Alina Grasmann's (Germany) paintings deal with imaginary, real and emotional places. In this exhibition, she presents a select number from her in-progress series Paper Town about the copyright town of Agloe, NY. She paints homes and other building, from photographs taken in and around where Agloe is indicated on the map, in isolated landscapes. She does so in a frontal and flat manner, as if there was nothing but the facade, making the town at once real as it is fictional.
Andreas Savva's (Cyprus) in-situ installations, or units as he defines them, are categorized by a different set of dominant materials ranging from wood to string held in tension together, as in a networked system. Geometrically arranged, the delicate balance between these materials constructs a structure that alludes to figure in space as an image.

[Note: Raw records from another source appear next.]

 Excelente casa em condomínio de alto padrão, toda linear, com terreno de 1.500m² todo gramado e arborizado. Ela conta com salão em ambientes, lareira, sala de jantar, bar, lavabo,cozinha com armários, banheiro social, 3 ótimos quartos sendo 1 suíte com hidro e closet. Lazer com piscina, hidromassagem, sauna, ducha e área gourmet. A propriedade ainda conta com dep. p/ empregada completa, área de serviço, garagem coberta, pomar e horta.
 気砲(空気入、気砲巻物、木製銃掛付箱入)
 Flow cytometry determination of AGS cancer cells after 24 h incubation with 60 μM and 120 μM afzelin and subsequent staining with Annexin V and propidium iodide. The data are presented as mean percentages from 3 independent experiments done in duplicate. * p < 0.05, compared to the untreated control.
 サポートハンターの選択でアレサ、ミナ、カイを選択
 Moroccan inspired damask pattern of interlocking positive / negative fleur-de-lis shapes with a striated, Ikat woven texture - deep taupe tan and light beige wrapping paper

Bas Geerts' (Netherlands) work appeals to an unseen logic behind the random assemblages in abstract paintings and 3D objects, which he generates by writing computer programs. The algorithms produce designs, randomizing the size and shape of geometric forms. For this exhibition, in addition to a 3D print, Geerts also presents Narcissus, an algorithmic poem that rearranges phrases in real time, accompanied by a recording of three, now extinct birds played in ever-varying combinations.
Carl E. Hazlewood's (USA) mixed-media constructions are made with paper, twine, canvas, and other materials attached directly to the wall. For this exhibition, he similarly relies on materials sourced from the everyday to create an extemporaneous large-scale structure on/off the wall and floor. The unframed and multi-dimensional edges of the resulting abstract image open up what’s possible for his composite objects.

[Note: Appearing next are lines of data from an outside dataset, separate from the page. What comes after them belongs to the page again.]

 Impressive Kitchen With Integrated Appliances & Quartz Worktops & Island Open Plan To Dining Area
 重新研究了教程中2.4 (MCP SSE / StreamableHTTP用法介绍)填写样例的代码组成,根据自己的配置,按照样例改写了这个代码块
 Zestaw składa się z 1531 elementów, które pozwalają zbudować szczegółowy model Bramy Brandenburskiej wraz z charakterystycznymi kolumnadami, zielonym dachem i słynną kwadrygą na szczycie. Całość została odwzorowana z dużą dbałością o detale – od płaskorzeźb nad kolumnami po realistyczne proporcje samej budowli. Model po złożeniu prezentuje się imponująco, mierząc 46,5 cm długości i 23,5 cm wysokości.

Following her solo show in the NARS Project Space earlier this Fall, Jackie Feng (USA) presents three small drawings that draw upon personal experiences to depict vibrant and colorful narratives that are tethered to no identifiable place or time but instead are suggestive and psychologically charged. Themes of intimacy, ambition, the sublime in nature and the tragicomedy of humanity run throughout her work.
Joshua Liebowitz's (USA) practice examines the relationship between technology and society, producing objects that combine virtual media and physical materials. He views computation, new materials, and digital fabrication processes not just as tools and mediums of aesthetic concern but as socially-bound forms unto themselves. He engages these procedures critically, developing objects that mediate the connections between the online and the physical.

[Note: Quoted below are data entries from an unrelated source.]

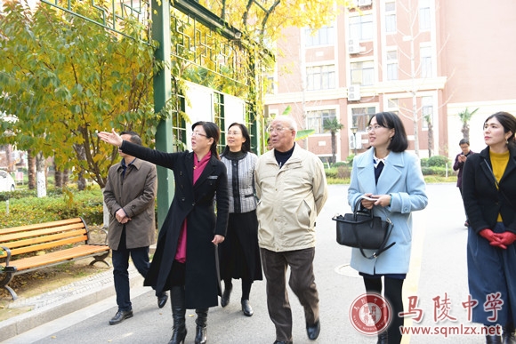 梅木信秋一行察看了我校校园文化环境。王丽梅介绍了我校的发展历史、办学情况等。
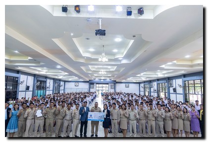 พร้อมมอบงบประมาณสนับสนุนโครงการ จำนวน 158,000 บาท แก่ ดร.จรัญ พะโยม นายกสมาคมผู้ประกอบวิชาชีพครูและบุคลากรทางการศึกษาอำเภอลานกระบือ ณ สนามสอบโรงเรียนลานกระบือ อ.ลานกระบือ จ.กำแพงเพชร
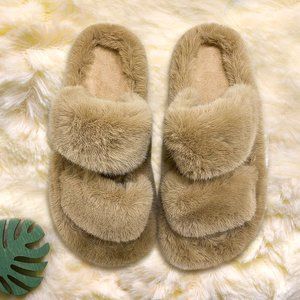 -DESIGN & SIZING: Designed with a stylish, double faux fur straps, these house slippers are perfect for women of all ages. These slippers are available in three sizes and two different colours.
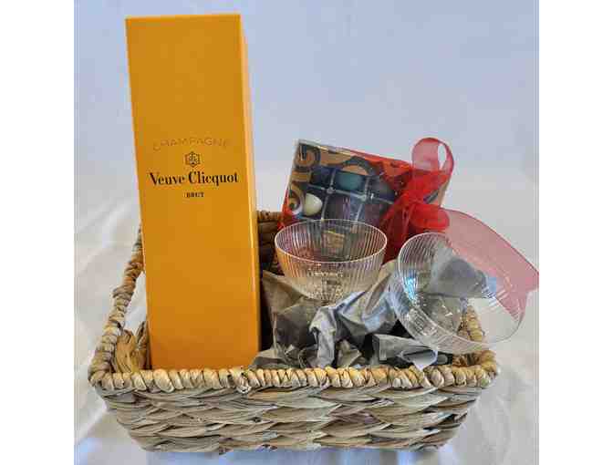 Sip in style with two elegant Crate & Barrel coupe glasses, crafted for the perfect toast. Savor the richness of artisanal truffles, each bite a decadent delight. And, of course, pop open a bottle of crisp Veuve Clicquot Champagne, bringing effervescence to any occasion.
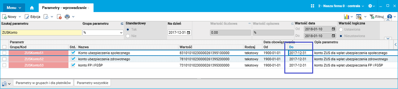 W aplikacji Softlab HR by Asseco parametry określające poprzednie rachunki bankowe do opłacania składek ZUS zostały zamknięte z datą obowiązywania do 31-12-2017.

Lieselotte Fontrodona (Netherlands) uses sculpture and installation, built with found objects which are modified and combined with other materials, focusing on naturally fitting connections. Her artistic research surrounds 'identity', especially concerning identity in travesty and cultural identity versus universal identity in particular.
The principal element of Martin Smith's (Australia) practice is a life-long project to construct a novel consisting of text that is hand-cut from photographs. The works in the show explore and highlight the role that narratives and story-telling play in the formation and dissemination of personal histories. Through the construction of forms made out of narratives to make visible the invisible, to give physical form to a process that we unwittingly engage in multiple times every day and what is generally conceived as formless.
Ryotaro Fuyuki's (Japan) work examines the relationships between society and the individual. His works create situations where the “unconscious order’ strongly emerges. He plays with the seriousness and humor or even the triviality of different concepts, by repurposing, manipulating, and reimagining the function and aesthetics of everyday objects, expressions, and images. Blinkers, used to keep racehorses focused and provide eye protection, are modified to fit unicorns.
Wonwoo Lee (Korea) locates himself in the boundary between contradictory elements, attaining a particular emotional nuance triggered by his jokes that are just at the right degree of subtlety. Therefore, rather than taking reality seriously, Lee attempts to take the world critically by throwing fleeting jokes to life. A light fixture from the set of Saturday Night Live, sourced at Material for the Arts, is a part and the starting point for a painting playing with the comedy show's title.